■ Problem description
Write out every record below exactly as it appears, omitting the pictures.

■ Data listing

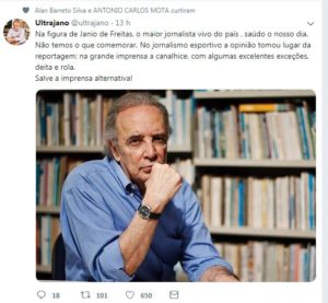 www.twitter.com/ultrajano Na figura de Jânio de Freitas, o maior jornalista vivo do país , saúdo o nosso dia. Não temos o que comemorar. No jornalismo esportivo a opinião tomou lugar da reportagem; na grande imprensa a canalhice, com algumas excelentes exceções, deita e rola. Salve a imprensa alternativa!
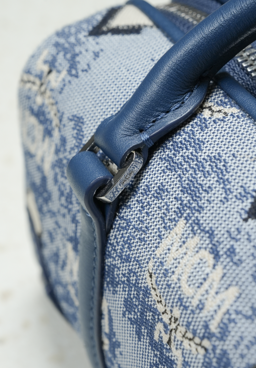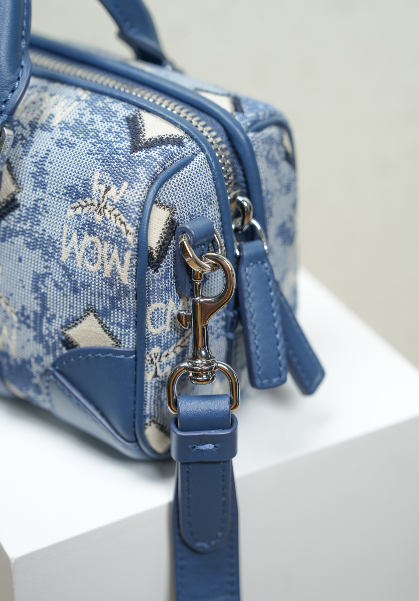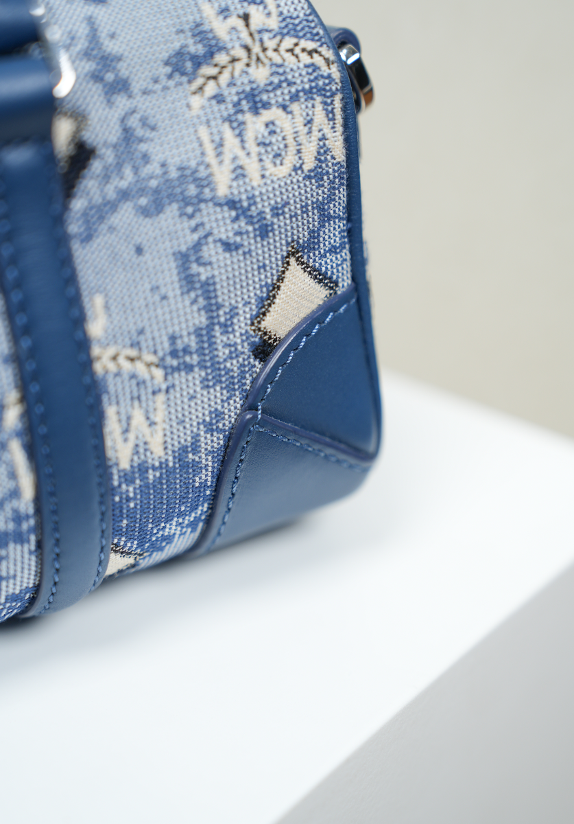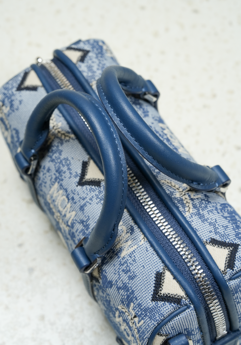 Mini Boston Bag in Vintage Jacquard Monogram Blue
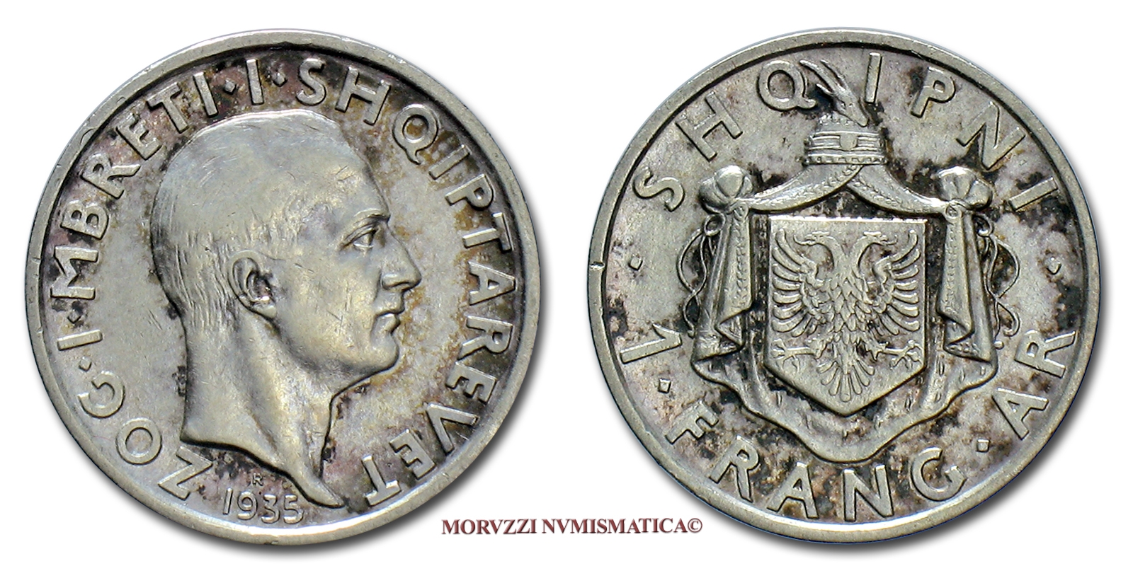 Albania, AHMED BEY ZOGU, FRANGA, 1935, ARGENTO, mBB, (KM 16) / SILVER WORLD COINS (monete mondiali d'argento)
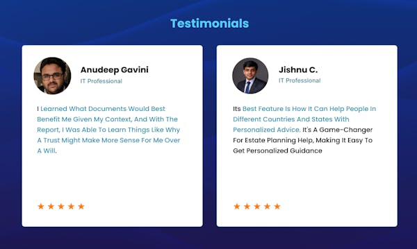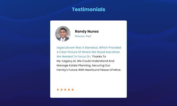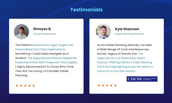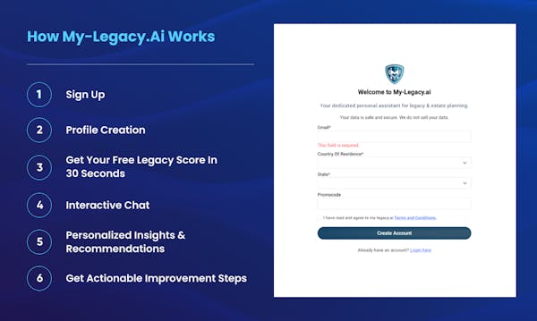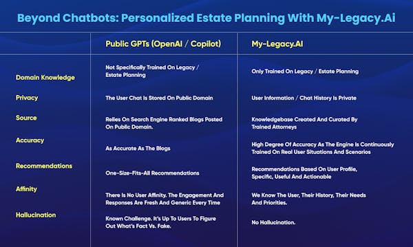 My-Legacy.ai stands out as a specialized platform built for estate planning related services. Get instant answers, personalized recommendations, actionable workflow and estate attorney references through our AI-powered platform backed by 12-pending patents.
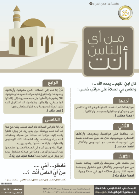 بوستر يبين أقسام الناس في الصلاة، فتأملها أي الزائر الكريم؛ لتعرف من أي الناس أنت
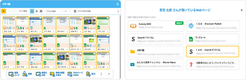授業中には、児童生徒がどんなWebサイトにアクセスしているかを、アイコン表示によってひと目で確認できるほか、一人ひとりが開いているすべてのWebページの詳細も確認可能。また、それらのページの中から共有したいものを選んでほかの児童生徒に転送することもできる。
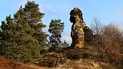 - Besonders erwähnenswert sind die Kleindenkmale preußischer Rundsockel-Meilenstein[19] am Ortsausgang an der (nicht mehr öffentlichen) Straße in Richtung Warnstedt und die Grenzversteinung gegen das Reichsstift Quedlinburg am Steinholz aus dem 18. Jahrhundert[20] sowie der Hungerstein von 1931 nördlich (nach Umsetzung 2011 westlich) des flächenhaften Naturdenkmals Königstein. An dessen Südseite befinden sich Weinberge des Harzer Weingutes Kirmann, welches zum Weinanbaugebiet Saale-Unstrut gehört.
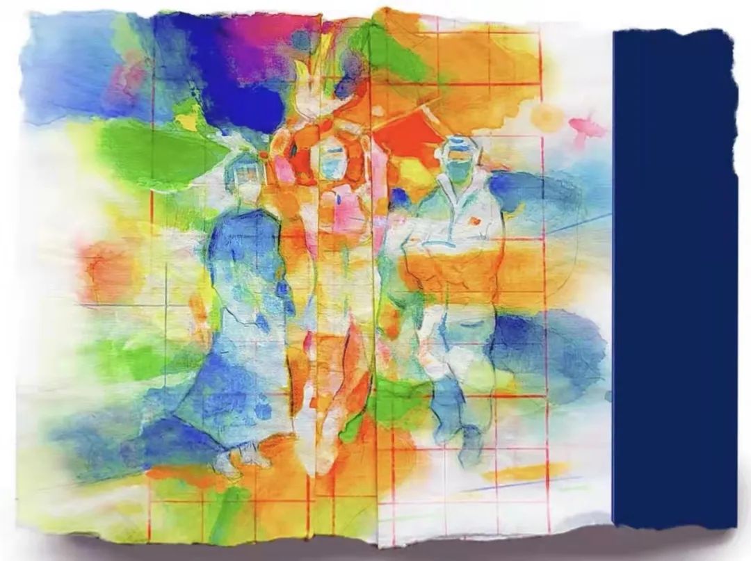 画家平龙说,这几天看见了很多令他震撼的场景:建设方舱医院日夜不息的灯火,驰援上海运送物资的车流长河……他希望通过画作传递出中国勤劳的建设者们不负韶华只争朝夕的“中国速度”。

■ Exercise answer
 www.twitter.com/ultrajano Na figura de Jânio de Freitas, o maior jornalista vivo do país , saúdo o nosso dia. Não temos o que comemorar. No jornalismo esportivo a opinião tomou lugar da reportagem; na grande imprensa a canalhice, com algumas excelentes exceções, deita e rola. Salve a imprensa alternativa!
 Mini Boston Bag in Vintage Jacquard Monogram Blue
 Albania, AHMED BEY ZOGU, FRANGA, 1935, ARGENTO, mBB, (KM 16) / SILVER WORLD COINS (monete mondiali d'argento)
 My-Legacy.ai stands out as a specialized platform built for estate planning related services. Get instant answers, personalized recommendations, actionable workflow and estate attorney references through our AI-powered platform backed by 12-pending patents.
 بوستر يبين أقسام الناس في الصلاة، فتأملها أي الزائر الكريم؛ لتعرف من أي الناس أنت
授業中には、児童生徒がどんなWebサイトにアクセスしているかを、アイコン表示によってひと目で確認できるほか、一人ひとりが開いているすべてのWebページの詳細も確認可能。また、それらのページの中から共有したいものを選んでほかの児童生徒に転送することもできる。
 - Besonders erwähnenswert sind die Kleindenkmale preußischer Rundsockel-Meilenstein[19] am Ortsausgang an der (nicht mehr öffentlichen) Straße in Richtung Warnstedt und die Grenzversteinung gegen das Reichsstift Quedlinburg am Steinholz aus dem 18. Jahrhundert[20] sowie der Hungerstein von 1931 nördlich (nach Umsetzung 2011 westlich) des flächenhaften Naturdenkmals Königstein. An dessen Südseite befinden sich Weinberge des Harzer Weingutes Kirmann, welches zum Weinanbaugebiet Saale-Unstrut gehört.
 画家平龙说,这几天看见了很多令他震撼的场景:建设方舱医院日夜不息的灯火,驰援上海运送物资的车流长河……他希望通过画作传递出中国勤劳的建设者们不负韶华只争朝夕的“中国速度”。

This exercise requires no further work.